The post-heroic perspective is therefore not, as many assume, an ideology. It is a response. It did not arise as an academic fashion, but as a reaction to a concrete experience: that the complexity of modern organisations has outpaced the capacity of the individual. A response to the fact that organisations today are characterised by interdependence, high rates of change, problems without clear cause-and-effect relationships, and knowledge distributed across people and disciplines.

The post-heroic perspective therefore shifts the understanding of leadership from person to process, from position to relationship, and from control to collective judgement. Leadership is no longer seen as something one person possesses, but as something that emerges between people in their interaction around the task.

That is why organisations must be designed in ways that allow them to draw on collective intelligence, distribute decision-making power, respond locally to global signals, and steer through purpose rather than control. At its core, it is a break with the idea of the all-knowing leader.

And that is exactly why the new Great Man wave is so problematic.

Because at the very moment complexity is exploding, we are now seeing a marked swing back in the pendulum.
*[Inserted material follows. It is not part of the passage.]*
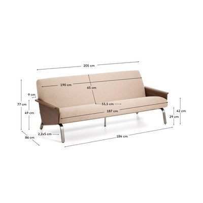 Dīvāna konstrukcijā apvienots izturīgs 18 mm saplāksnis, kas pārklāts ar ozolkoka finieri, un vienkāršas roku balstu līnijas. Matēta nerūsējošā tērauda kājas ar 1,8 mm diametru piešķir modernu un stabilu izskatu visam dizainam. Sēdeklis piedāvā vidēju stingrību, kas ir ideāli piemērota ikdienas lietošanai, pateicoties pārdomātai siksnu, atsperu un augsta blīvuma putu slāņu (35 kg/m³ un 40 kg/m³) kombinācijai, kas nodrošina izturību un lielisku komfortu.

A revival of Great Man thinking in modern form.

Today, it is not Napoleon, but:

They are portrayed as people with special, almost superhuman qualities. As the ones who can see what no one else sees. As the ones who can act while institutions hesitate. As the ones who can “fix” complex problems through willpower, speed, resolve, and dominance.
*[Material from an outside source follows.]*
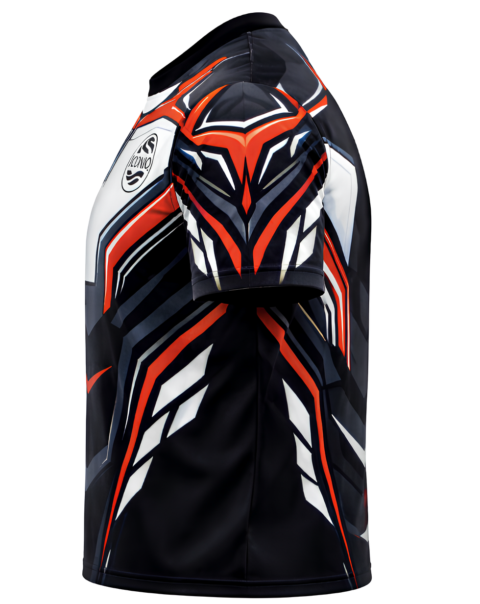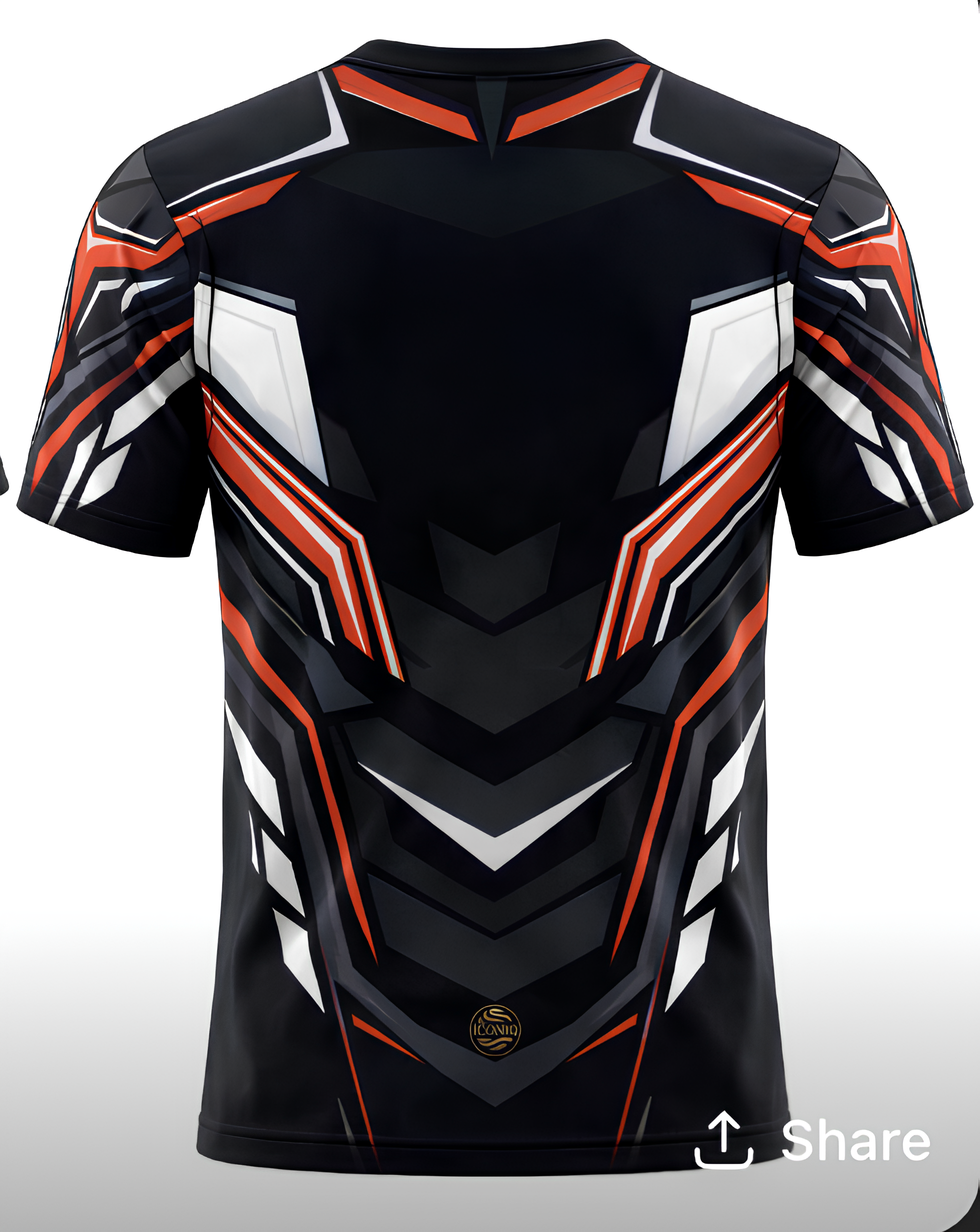 The design features a striking angular armor-style graphic that flows seamlessly across the front, sleeves, and back of the shirt. Bold red accents cut through deep black and white panels, creating a sharp geometric pattern that enhances movement and gives the shirt a powerful, futuristic appearance. The ICONIQ logo placed on the chest adds a premium branded touch while maintaining a clean and balanced design.

The narrative is seductive. And deeply problematic.

The new Great Man wave is not just about rhetoric.

It is increasingly being operationalised in executive corridors and government offices, where institutions are framed as obstacles, bureaucracy is reduced to mediocrity, and collective processes are dismissed as inefficient. In their place, strong execution, uncompromising will, and fast decisions are celebrated, while loyalty is given priority over dissent.
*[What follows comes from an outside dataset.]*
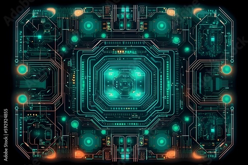 Central Computer Processors CPU concept. Motherboard Circuit board digital chip. Tech science background. Quantum processor. Generative ai

This is where the paradox becomes clear. The movement promises decisiveness in an incomprehensible world, but does so by artificially simplifying reality. Complex problems are reduced to enemy images, systemic challenges are personalised, and disagreement is interpreted as disloyalty. Psychologically, this often manifests as high power orientation, low cognitive complexity, and a strong in-group/out-group mentality shaped by black-and-white worldviews.

These are not qualities that increase collective intelligence. They are qualities that shut it down. And if one believes that solving the world’s problems requires precisely collective intelligence, then the new Great Man wave is not merely a political or cultural phenomenon, but a significant leadership regression.

Which way is the pendulum swinging?

That is an open and decisive question, and perhaps not even the best fortune tellers could answer it with certainty. But to me there is no doubt that we find ourselves in the middle of a tension field.

On the one hand, I see a world calling for collective intelligence, relational judgement, and shared responsibility. If we are to deal with the enormous challenges we face — climate crisis, biodiversity loss, social inequality, poor mental health, geopolitical instability, and technological acceleration without ethical grounding — this cannot happen through central control, isolated optimisation, or traditional KPIs alone. The problems are too complex, too intertwined, and too dynamic.

On the other hand, we are seeing a growing fascination with the strong man, the fast decision, and personalised power. When complexity rises, so does the longing for simplicity. For clear answers, visible enemies, and leaders who promise action without doubt.

History will show whether the pendulum swings too far, or whether we manage to influence its movement before complexity outruns us.